Differentiated products, not commodities, the path to export success

High commodity prices are seen to justify rises in the New Zealand dollar. Reserve Bank Governor, Dr Alan Bollard, noted in a speech recently that agricultural export prices are likely to remain strong for some time and the Bank expected these higher terms of trade to be reflected in the exchange rate.

However, the high commodity prices that help some sections of the economy will do little to generally to promote a turnaround towards an export led economy. Those exporting into the United States and Europe are struggling with lower returns from the high currency and comments from our Reserve Bank indicating comfort with ever higher exchange rates push those rates even higher.

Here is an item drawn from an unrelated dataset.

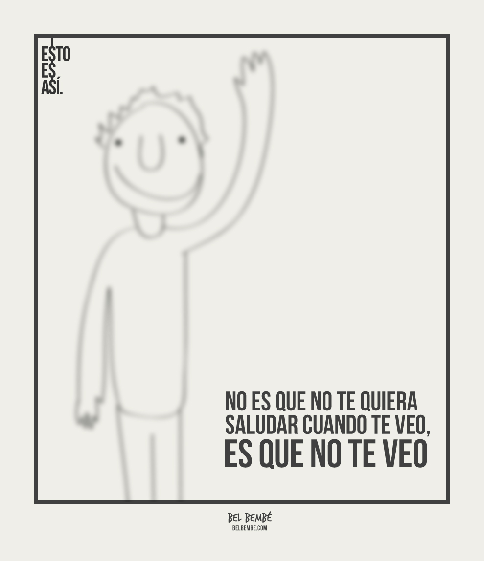 Esa primera pieza surgida de un impulso creó la identidad y el manual de estilo de Esto es así. Bel Bembé explica que ese dibujo marcó «las directrices». «En esa primera viñeta se ve que era algo que hice rápidamente para compartir solo con mis amigos. Después me convencieron en darle una identidad para seguir haciendo viñetas similares», especifica. «Le puse un marco y la firma, y las llamé Esto es así porque es una frase que digo muy a menudo». Una especie de sentencia final, con cierta resignación, similar a ‘es lo que hay’.

Exports by level of processing 2010 (NZD)

Primary Products - Unprocessed Primary Products - Processed Manufactures - Simply Transformed Manufactures - Elaborately Transformed Miscellaneous, Unclassified and Confidential Trade
$14.1 billion $15.9 billion $4.1 billion $7.2 billion $2.2 billion

As the table shows, most of New Zealand’s exports are not the unprocessed commodities that might fundamentally justify higher exchange rates. Export growth in the processed primary and manufacturing sectors require investment in product development, new plant and equipment to improve capacity. A high and volatile currency will increase the uncertainty of return, pushing back against export focused investment.

Sector Sector GDP($millions) Employment GDP per worker ($)
Tourism 6,500 182,400 35,636
Manufacturing 16,466 248,600 66,235
Agriculture, forestry, fishing and mining 10,055 157,100 64,004
Others 99,646 1,582,500 62,967

This table shows that sectors outside the soft commodities are again more important in terms of GDP, employment and as a sound foundation for the service sector.
The Government has largely washed its hands of this issue. Finance Minister Bill English said in response to the latest rise of the dollar that a high New Zealand dollar had been a headwind for the economic recovery "right from the start".

"And that’s been driven to a large extent by policy in the US, the UK and Europe," he said.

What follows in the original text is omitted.